In Fig. 9, we can see that three of the categories present a medium range of A3 values (from 0.226 to 0.289), while one category (JavaScript Libraries) has a large range of A3 values (0.441) and two categories have small ranges (0.103 and 0.028). The largest and smallest ranges are categories that have the higher and lower number of technologies, but it should be highlighted that that is not the only reason, since there are categories in the medium range with the same number of technologies. What this seems to indicate is that the choice of JavaScript Library can have a higher impact on the accessibility of the web page than the UI Framework or the Advertising technology to use.

It is also interesting to observe that none of these six categories have only technologies with an A3 score that is above or below the average of the A3 score of all the pages evaluated in our study. What this shows is that, for these categories, it is always possible to select a technology that can improve (or worsen) the accessibility of web content, even if that category has shown to worsen (or improve) the accessibility of web pages in general.

By comparing our results with the WebAIM Million study [25], we noticed similar ordering of the technologies. For instance, our UI Frameworks category has the ZURB Foundation (\(\mu\) = 0.641) technology as the technology with lowest A3 score, followed by Bootstrap (\(\mu\) = 0.654). The range of these metrics is the smallest one in our analysis. The same happens in the WebAIM study, whose results have the technologies ordered in the same way, as well as a similar average for the number of errors reported for each technology.

6 Limitations of the study

In this work, we used QualWeb, Wappalyzer and SimilarTech, either to evaluate the accessibility of web pages or to identify web technologies. The fact that automatic tools were the only used evaluation procedure in this study limits the amount of detected accessibility issues, among other drawbacks [39]. Given that by using only tests from ACT rules we are adopting an approach that reduces the number of false positives (i.e., flagging something as an error when it is not) at the cost of eventually increased false negatives (i.e., failing to flag errors), we are aware that we are not capturing all accessibility problems, therefore offering a more positive perspective about the overall web accessibility than the reality.

We used the categorization of technologies from the tools themselves. We are aware that some technologies might be categorized differently and that would mean a specific technology would be compared with other technologies when in another category. However, due to the large size our sample, we do not expect that would impact the results of the comparison between categories.

7 Conclusions

Following the accessibility assessment of 2,884,498 web pages, we believe the state of web accessibility continues to lag behind what needs to be achieved to ensure universal access to web services and content. We found an average of 30 errors per page and that only a very small number of web pages (0.5% of our sample) did not have errors. Taking into account that the accessibility assessment was done with an automated tool, which cannot detect all accessibility barriers, this grim outlook is still an optimistic view of the real status, that, at best, is as bad as portrayed, and, probably, even worse.
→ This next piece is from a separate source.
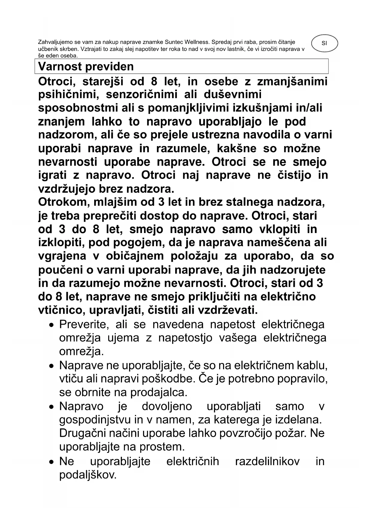 CoolBreeze SUNTEC WELLNESS GMBH / HOLZSTRASSE 2 / 40 221 DÜSSELDORF / GERMANYZahvaljujemo se vam za nakup naprave znamke Suntec Wellness. Spredaj prvi raba, prosim čitanje učbenik skrben. Vztrajati to zakaj slej napotitev ter roka to nad v svoj nov lastnik, če vi izročiti naprava v še eden oseba. Varnost previden Otroci, starejši od 8 let, in osebe z zmanjšanimi psihičnimi, senzoričnimi ali duševnimi sposobnostmi ali s pomanjkljivimi izkušnjami in/ali znanjem lahko to napravo uporabljajo le pod nadzorom, ali če so prejele ustrezna navodila o varni uporabi naprave in razumele, kakšne so možne nevarnosti uporabe naprave. Otroci se ne smejo igrati z napravo. Otroci naj naprave ne čistijo in vzdržujejo brez nadzora. Otrokom, mlajšim od 3 let in brez stalnega nadzora, je treba preprečiti dostop do naprave. Otroci, stari od 3 do 8 let, smejo napravo samo vklopiti in izklopiti, pod pogojem, da je naprava nameščena ali vgrajena v običajnem položaju za uporabo, da so poučeni o varni uporabi naprave, da jih nadzorujete in da razumejo možne nevarnosti. Otroci, stari od 3 do 8 let, naprave ne smejo priključiti na električno vtičnico, upravljati, čistiti ali vzdrževati.
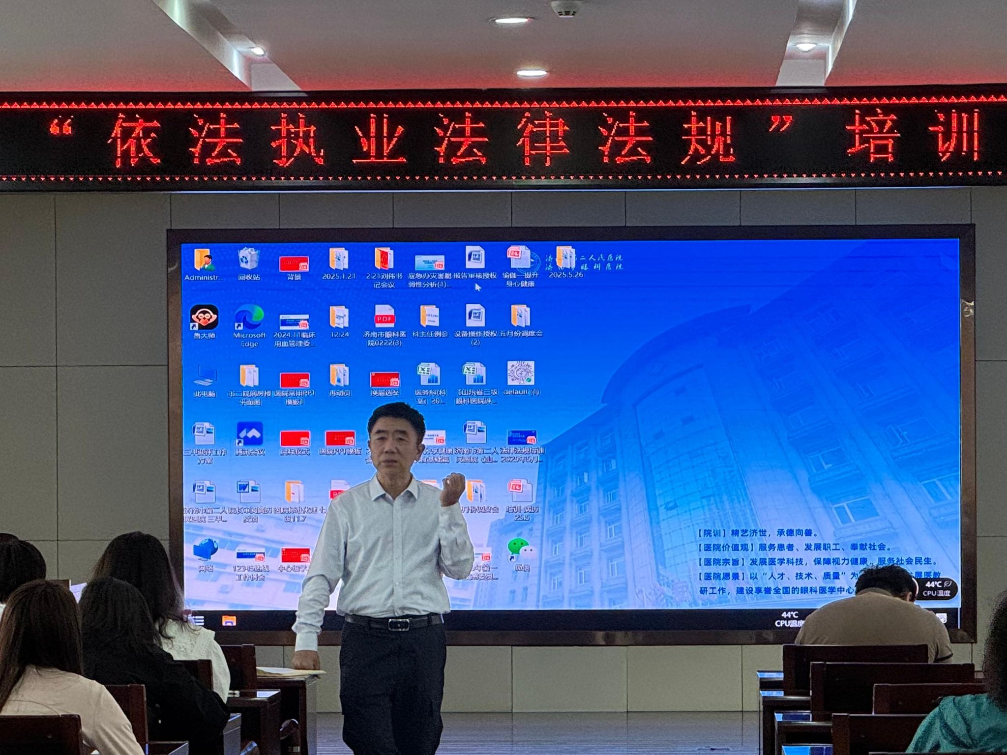 培训结束后,市眼科医院(市二院)副院长王旭结合当前医院标准化建设化要求,现场部署专项整改工作,要求各科室对照培训内容开展医疗安全自查,重点核查制度落实台账、知情同意书规范性、高风险技术授权管理等环节。

We complemented the accessibility analysis, with a study of the relationship between web accessibility, as measured by an accessibility metric, and web technologies. Almost all of the categories of technology we analyzed were found to lead to differences in the value of the metric when comparing pages that used technologies from the category to those pages without those technologies. Our inspection found that using development frameworks and systems seems to lead to pages with improved accessibility, while technologies that represent components that are just plugged-in to the web page seem to lower the accessibility. Still, by further analyzing the differences between technologies within a category, we learned that, irrespective of category, technologies can be selected that can lead to improved or worsened accessibility.

According to this study’s findings, developers should take into consideration two important aspects: (1) the prioritization and awareness of the importance of access by all groups of users and (2) the impact that the technologies have on accessibility, upon the development of web content. Hence, design and development teams should focus on applying good practices when designing and developing web content and choosing the technologies that lead to better accessibility.